Real estate analysts are scratching their heads about that.
Indeed, while inventories of homes on the market are rising around the country, Dallas-Fort Worth is one of the few places where the number of homes for sale is down – about 10 percent from a year ago.
That's great news for the housing market.
But analysts still wonder how it happened.
They have some ideas.
First, perhaps some folks have gotten seller fatigue and decided to take their houses off the market.
And when distressed sellers fall into foreclosure, the house can go off the market while the lender gets control, makes repairs and relists the property for sale.
Also, homeowners who have no equity in their houses may decide they can't afford a professional real estate agent and decide to try to market the property themselves.
Usually those for-sale-by-owner homes aren't counted.
"If the sales don't go through the multiple listing service, we don't catch them," said Dr. James Gaines of Texas A&M University's Real Estate Center, which tracks North Texas pre-owned home sales.
There's also the possibility that some foreclosed houses are not included in the MLS.
Whatever the reason, North Texas' current pre-owned home inventory of about seven months' supply is significantly less than the national average, which is running close to 11 months.
Back during the late 1980s real estate crash, the supply of pre-owned homes on the market here ballooned to almost 14 months.
A medical buildings developer has purchased a North Dallas tract just off U.S. Highway 75.
A Cirrus Group affiliate just bought the 2.4-acre property on Northaven Road just west of the highway.
Broker Candace Rubin has been marketing the property – a former labor union hall – for almost three years. A previous deal to build seniors housing on the site fell through.
The new owners plan to construct a four-story rehabilitation hospital.
The property sold for just less than $20 per square foot.

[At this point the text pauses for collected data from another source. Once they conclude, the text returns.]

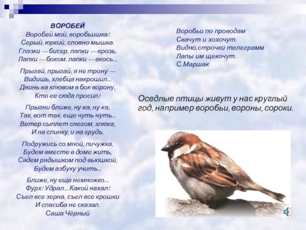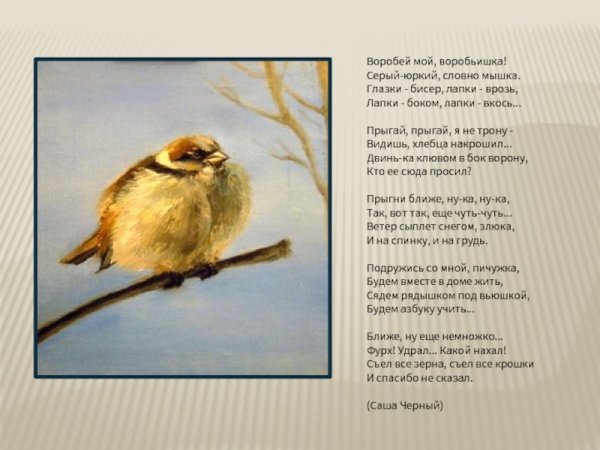 Иллюстрация к стихотворению "Воробей Саша Черный" - это уникальное и замечательное произведение, которое погружает нас в мир приключений и неповторимой атмосферы. Стихотворение рассказывает о воробье по имени Саша, который отличается своей черной окраской и свободолюбивым характером. Иллюстрация выделяется своей живостью и яркостью, передавая каждую эмоцию героя. Она позволяет читателю визуализировать и представить себе образ Саши Черного, его прыжки и полеты, его непредсказуемость и задор. Благодаря этой иллюстрации, стихотворение оживает на страницах книги или на экране, становится еще более замечательным и запоминающимся.
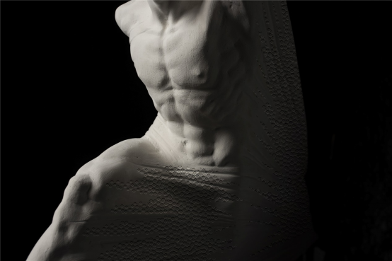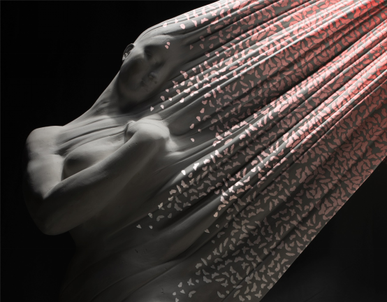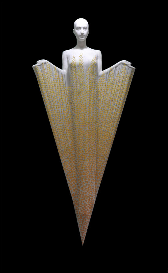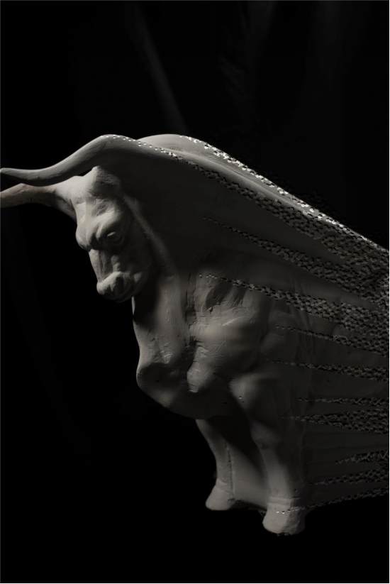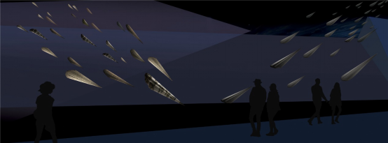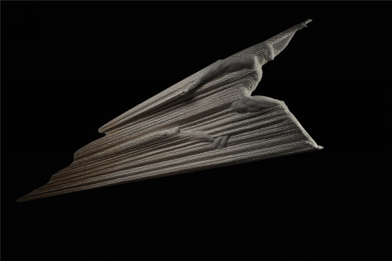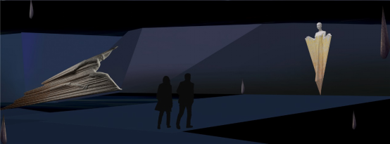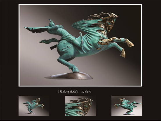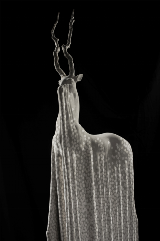 前 言 雕塑作品《融合》系列经过近三年的思考与创作最终得以完成。作品主题关乎于自然与人类,观照的对象是宇宙的物与人之关系。作品中塑造有两类物象:一类是诸如鹿、马、牛、蝶、花、草、树、石等具有自然属性的物,它们腾跃向上或向前,孕育着自然的韵律与节奏,象征着速度、激情与不可抗拒的生长,充满了风驰电掣般的原始爆发力;另一类是由男和女组成的人类,他们奔跑,虎虎生风,即便静止,也被风所包裹、缠绕与拉扯,彰显着力的抗争与较量。 塑造的物象被构置在四个独立的展馆内,意在营造幽蓝邈远的宇宙空间:第一个场景以石的构成为主,无数个飞石从天而降,拖着长长的射线,又弹将回到空中,它们悬浮于空中,极具视觉张力与运动节奏,象征着混沌初开、乾坤空净的宇宙运动。这个场景中所运用带着风的射线造型语言奠定了全场四个场景物象造型的基础,为其他场景中的物象造型都从石的造型演化出来,而且贯连在每一个场景之中。第二个场景分布着鹿、牛、马等形象,奔突升腾,昭示自然预示花草鸟兽,繁衍不止,生生不息;第三个场景和第四个场景由四组人物构成:一组是位于中央的构成蝴蝶造型的男女形象,另一组是分列蝴蝶两侧的腾跃而起的男女形象;一组是向前跨越奔跑的男人,另一组是从落叶中慢慢裸露的女人,这四组形象象征着顺遂时序,生长收藏,永不衰竭。自然界中的天、地、人和合而生,正如《易经》所谓:“天之道在于始万物”“地之道在于生万物”“人之道在于成万物”。 《融合》作品力图发掘所塑造物象的“物性”,同时,试图营造天地人相生相合、物我两化之意蕴,表达对于传统文化精神的艺术情思,寄寓心灵自由、超然物外、妙造自然的精神境界。
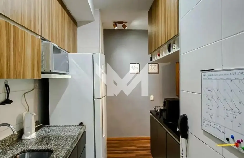 O imóvel conta com: 2 dormitórios sendo 1 suíte, Sala com varanda, Cozinha, Banheiro, área de serviço e 1 Vaga de Garagem .
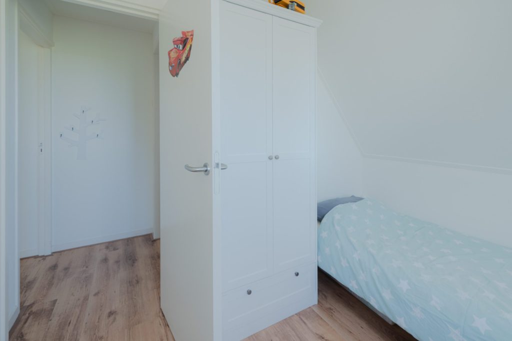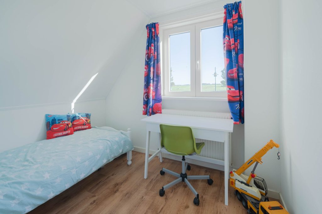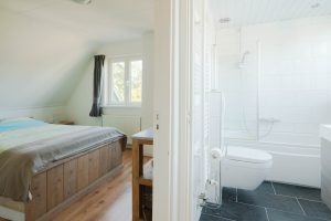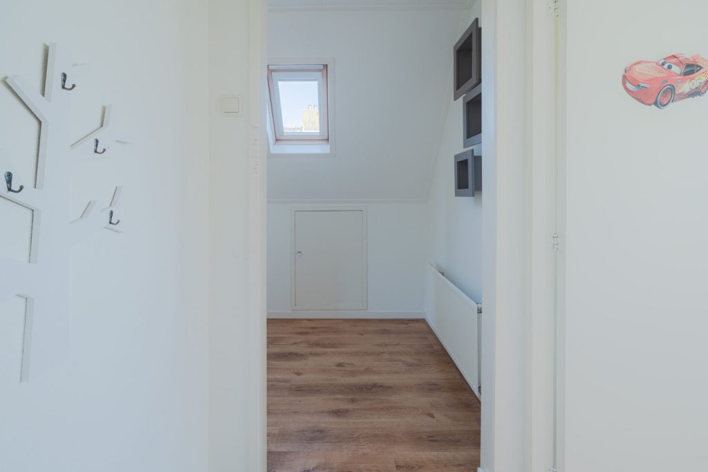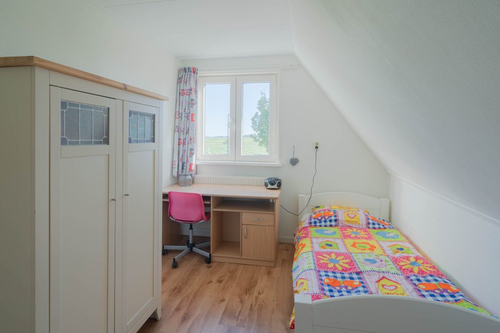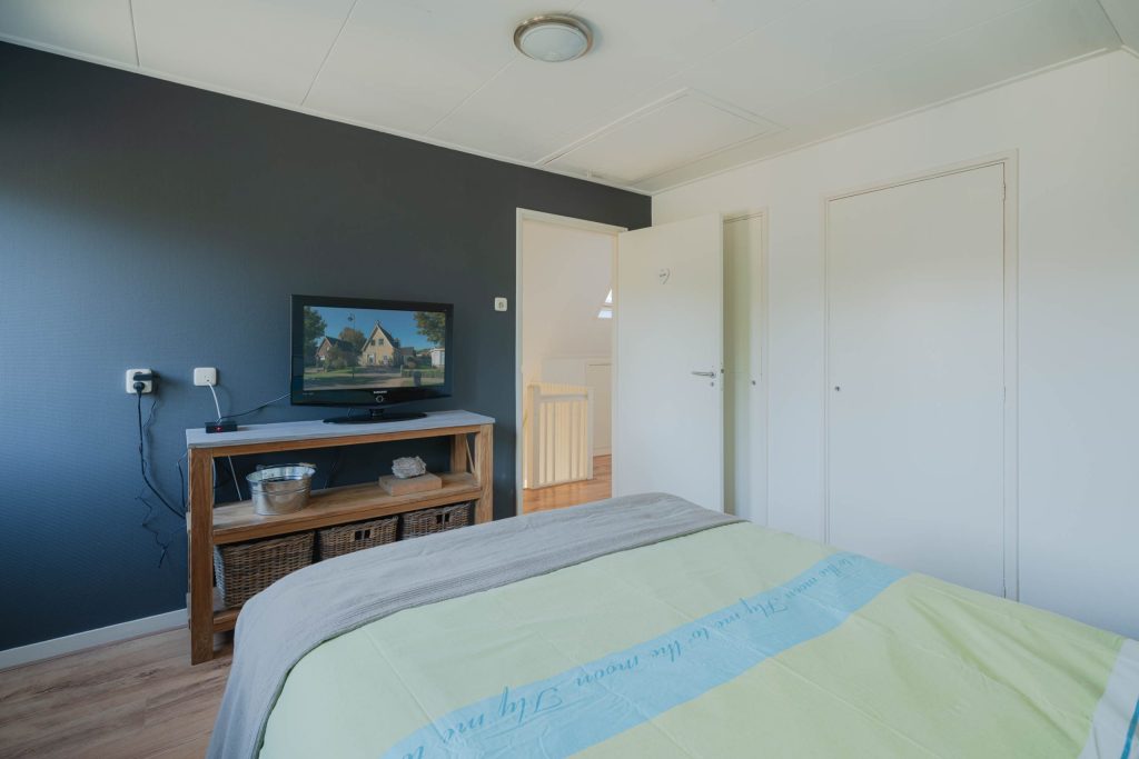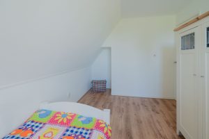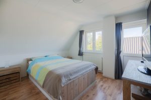 De woning heeft op de verdieping een overloop met een knieshot ruimte. Er zijn drie slaapkamers van circa 13m², 10m² en 7m² en een badkamer aanwezig. De grootste slaapkamer van circa 13m² heeft twee inbouwkasten in de kamer en een deur om het platdak te bereiken. De overige twee slaapkamers bevinden zich aan de voorzijde van de woning en hebben uitzicht over de landerijen. De badkamer heeft een douche/bad, toilet en wasbak. Alle ruimtes zijn voorzien van radiatoren. De ondervloer van de verdieping is van hout en bedekt met laminaat. De badkamer is voorzien van een betonvloer met vloerverwarming, er is een douchebad, toilet en wasbak aanwezig. Een vlizotrap geeft toegang tot de opbergzolder.
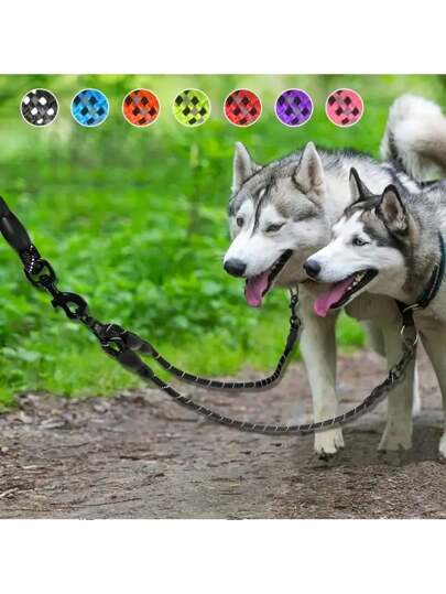 Joytale反光雙頭牽繩,可適用於2隻狗,防糾結行走牽引繩帶有舒適的手把 - 彩色 - 查看 1
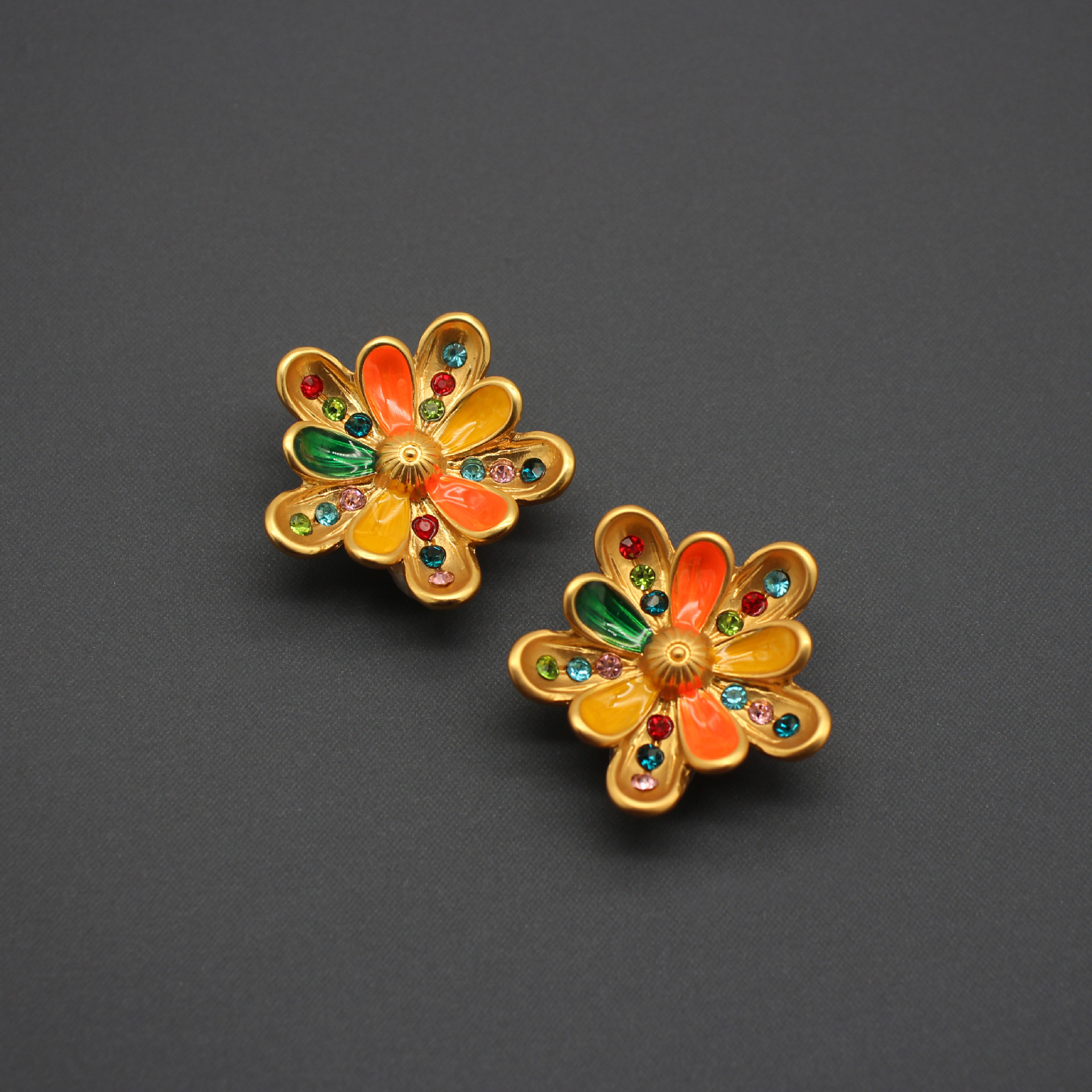 Treasure mid-ancient color enamel flower ear clip colorful gem warm thick feeling earrings without pierced ears
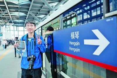 在横琴口岸,车辆最快只需2分钟、行人最快只需20秒就可完成通关;12月2日通车的澳门轻轨横琴线,打通了澳门和内地的轨道交通,旅客可乘坐轻轨往返横琴和澳门;12月9日,港珠澳大桥迎来通车六周年,通过大桥口岸的进出口货物总值累计超9600亿元……
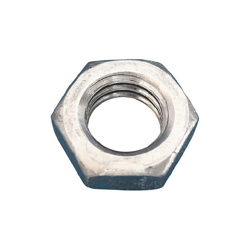 Dadi bassi esagonali zincati conformi a UNI 5589 (DIN 439 / ISO 4035), con altezza ridotta rispetto ai dadi medi standard. Utilizzati dove lo spazio verticale è limitato o come controdadi per impedire lo svitamento del dado principale.
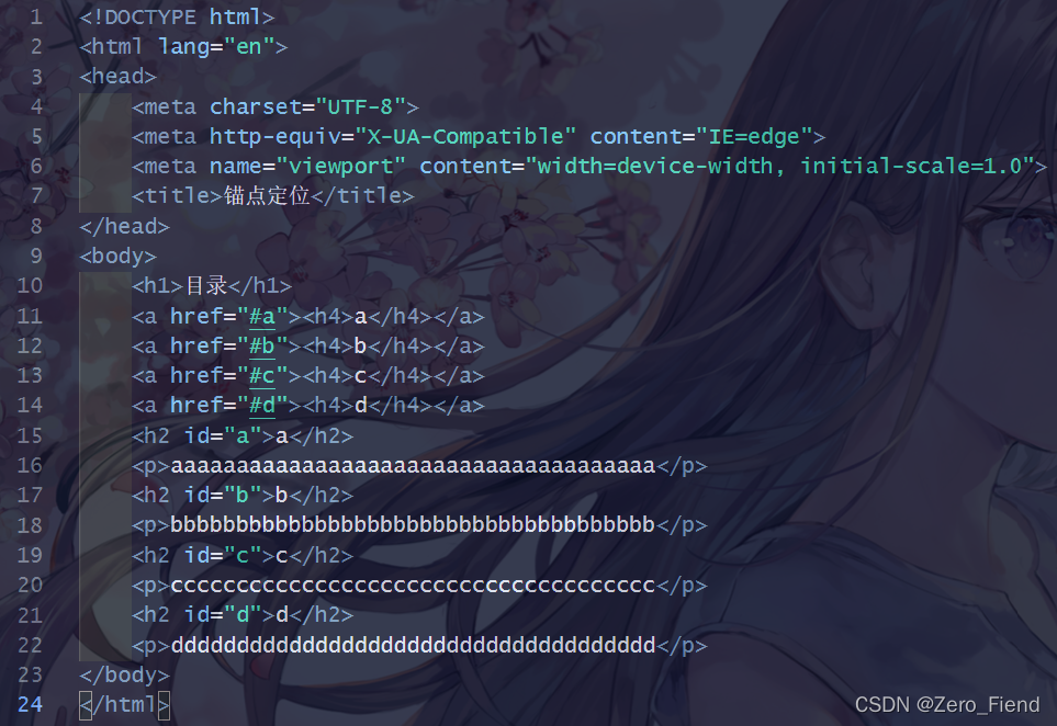 - 找到目标位置标签,里面添加一个id属性 = 刚才的名字,如:<h3 id="two">第二集介绍</h3>
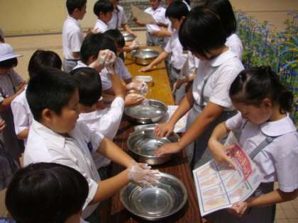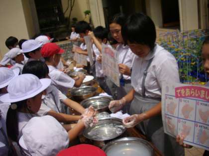 また、その隣では正しい手洗いの方法を教え、実際に手を洗ってもらいました。
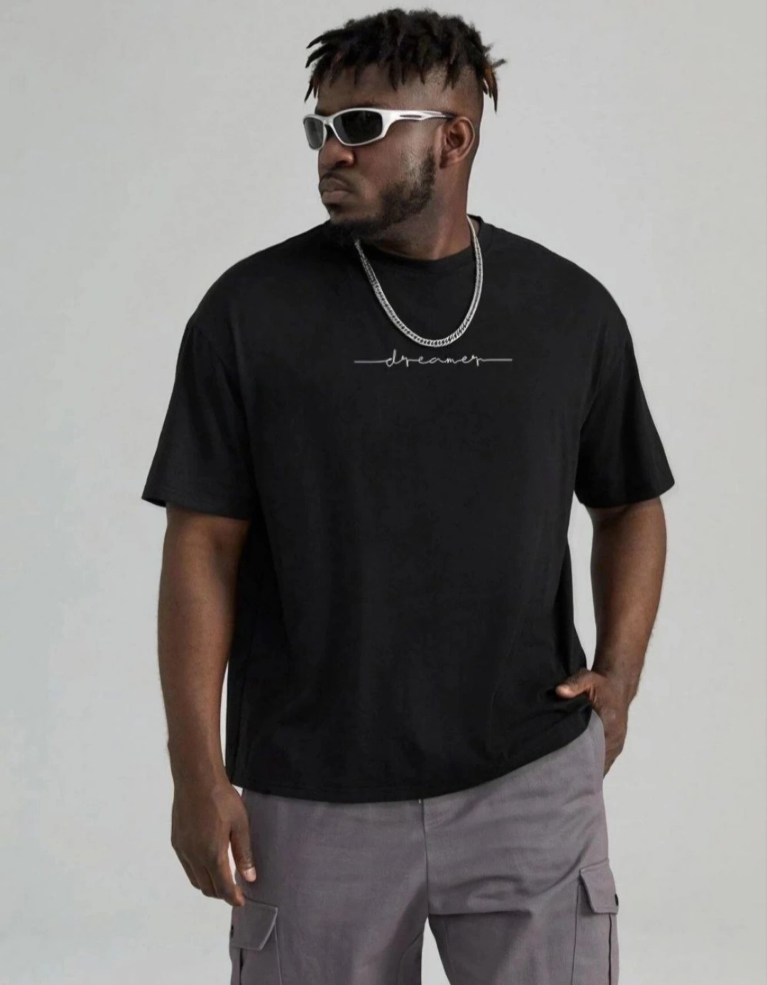 Eşsiz Baskı Tasarımlı Şık Büyük Beden Erkek Tişörtü - Rahat Polyester, Makinede Yıkanabilir, Yuvarlak Yaka - Her Mevsim İçin Mükemmel - Siyah

Chicago investment partners have purchased an office building in Allen.
ORIX Real Estate Capital Inc. and Boulder Net Lease Funds LLC acquired the Sanmina building at 105 W. Bethany Drive.
The 10-year-old office building is fully leased to Sanmina Texas LP, an electronic manufacturing service provider.
The building was sold by iStar Financial in a deal negotiated by Evan Stone, Cary Krier and Stephen Link of the Dallas office of Jones Lang LaSalle Capital Markets Group.